For all children whose echocardiograms (an ultrasound scan that shows how the heart muscle and heart vessels are working) are normal during and after KD, long-term cardiovascular outcomes are considered similar to the general population.

As clinicians, we would recommend that children and families take a proactive approach to long-term cardiovascular health and wellbeing to improve lifelong cardiometabolic risk. This includes heart-healthy habits including regular exercise, balanced diet, avoiding smoking and vaping, screening and management for diabetes and high blood pressure, manage cholesterol levels, avoid alcohol consumption and maintaining a healthy weight.

If, however, there was evidence of during or after KD of coronary artery dilatation (widening), aneurysms (see question 7) or heart dysfunction, children are considered to be at an increased lifetime risk of heart complications and the advice of your local cardiologist should be followed.

Stay Updated on Immunoglobulin Research in Australia

optimalcre
Jul 22, 2024
2 min read

Are you interested in staying up to date with the latest advancements in immunoglobulin research in Australia? Look no further than Optimal CRE, a Center for Research Excellence that is at the forefront of immunoglobulin research in the country.

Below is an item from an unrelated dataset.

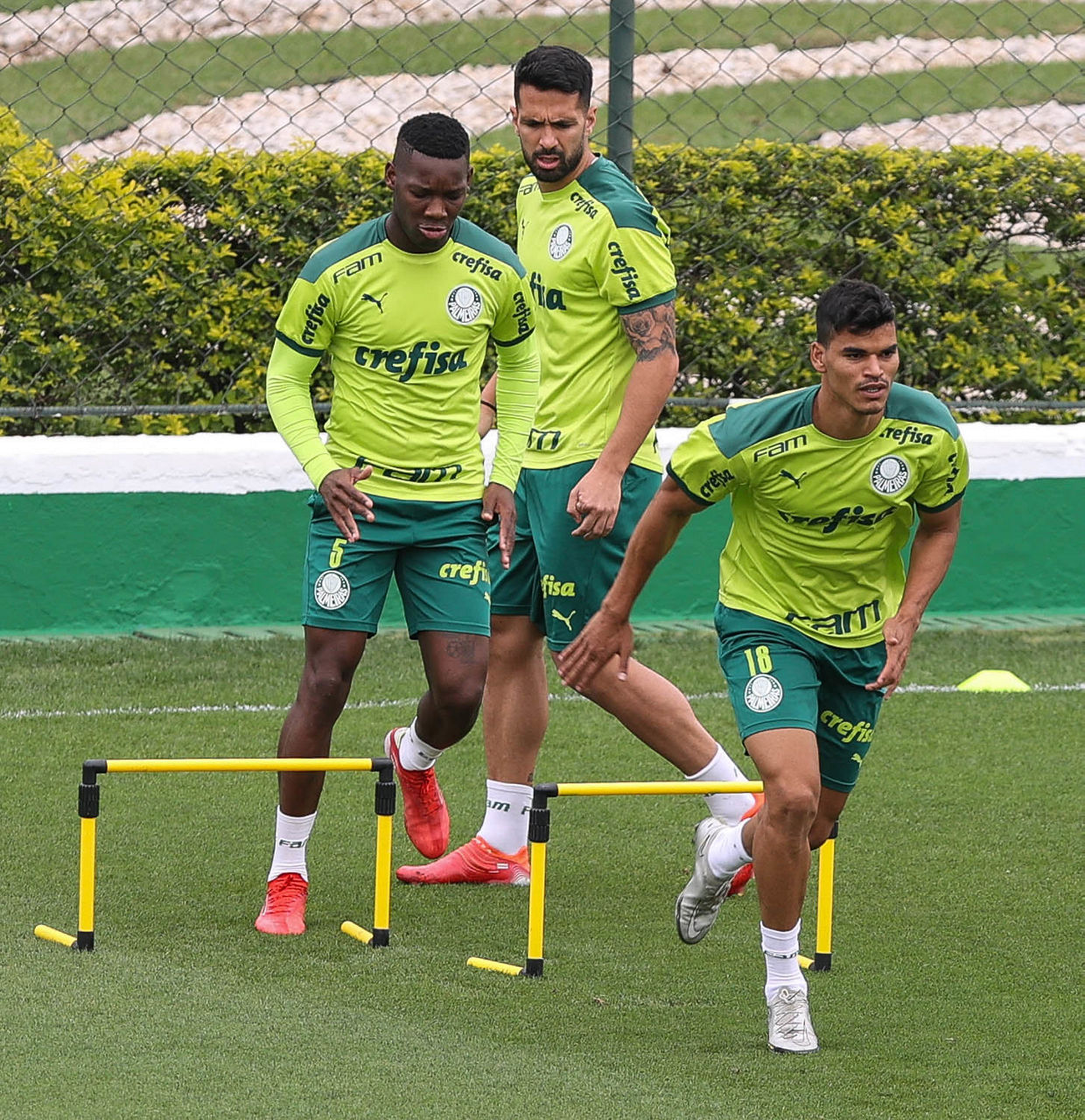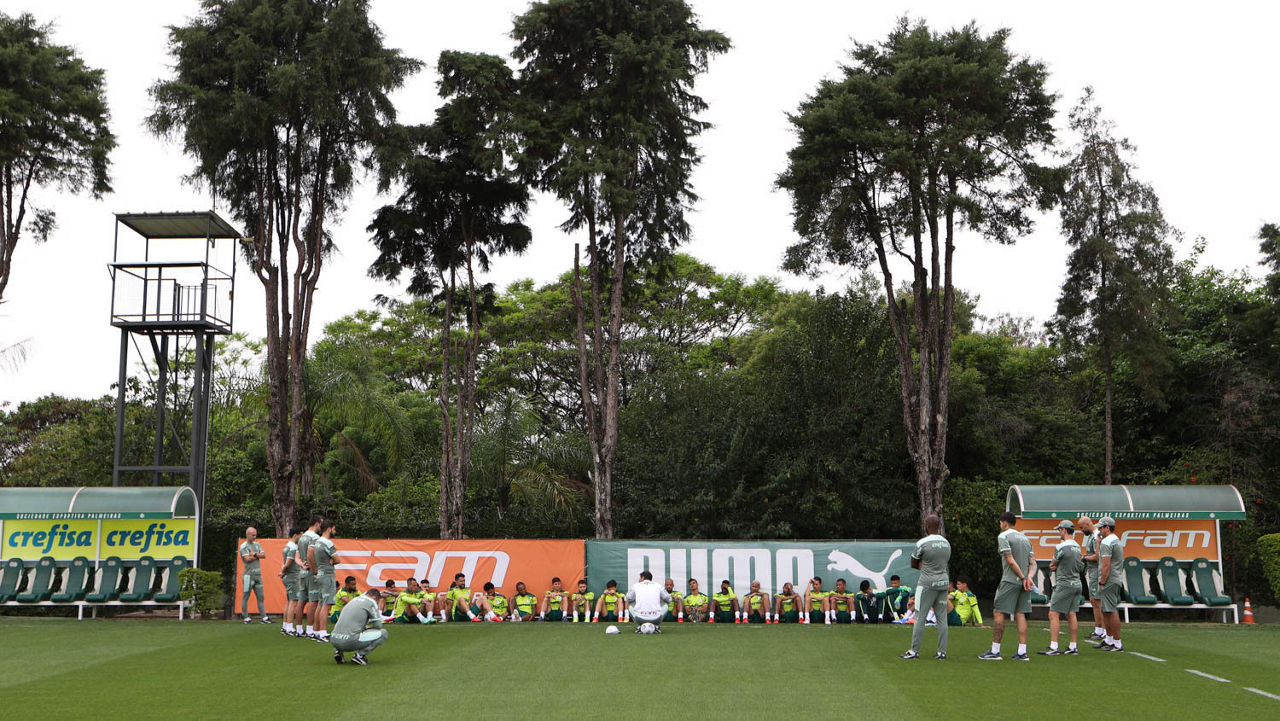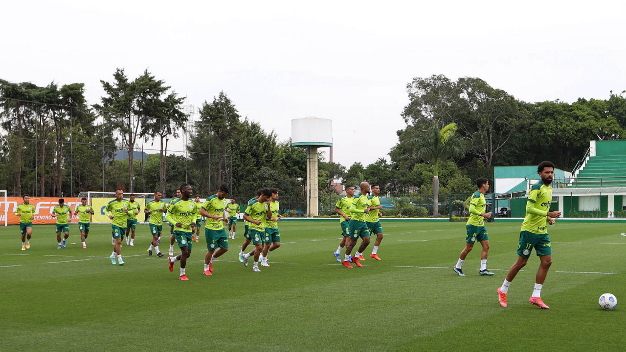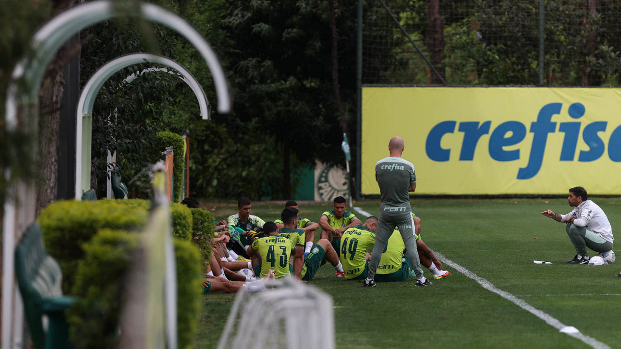 Antes do início do treino, o técnico Abel Ferreira reuniu todo o elenco no campo para uma conversa. Em seguida, os titulares da partida contra o Bahia, na última terça-feira (12), fizeram um trabalho regenerativo ativo em uma atividade com bola comandada pelos preparadores físicos do Núcleo de Saúde e Performance (NSP).

Optimal CRE is committed to bringing together researchers from all corners of Australia to collaborate and innovate in the field of immunoglobulin research. Their website serves as a hub for all things related to their work, providing a wealth of resources for those interested in learning more about this important area of study. One of the key features of the Optimal CRE website is its news section, which regularly updates visitors on the latest research findings, breakthroughs, and developments in the field of immunoglobulin research. By staying tuned to this section, visitors can stay informed and engaged with the latest advancements in the field. In addition to the news section, the website also features an events calendar that highlights upcoming conferences, seminars, and other events related to immunoglobulin research. This is a great way for researchers and stakeholders to stay informed about opportunities to network, collaborate, and learn from others in the field. For those looking to dive deeper into the world of immunoglobulin research, the website's resource library is a treasure trove of research publications and presentations from Optimal CRE-affiliated studies. Visitors can access a wealth of information that can help inform their own research and contribute to the advancement of the field. Overall, the Optimal CRE website is a valuable resource for anyone with an interest in immunoglobulin research in Australia. By staying updated on the latest research, events, and resources available through the website, visitors can be at the forefront of this important area of study.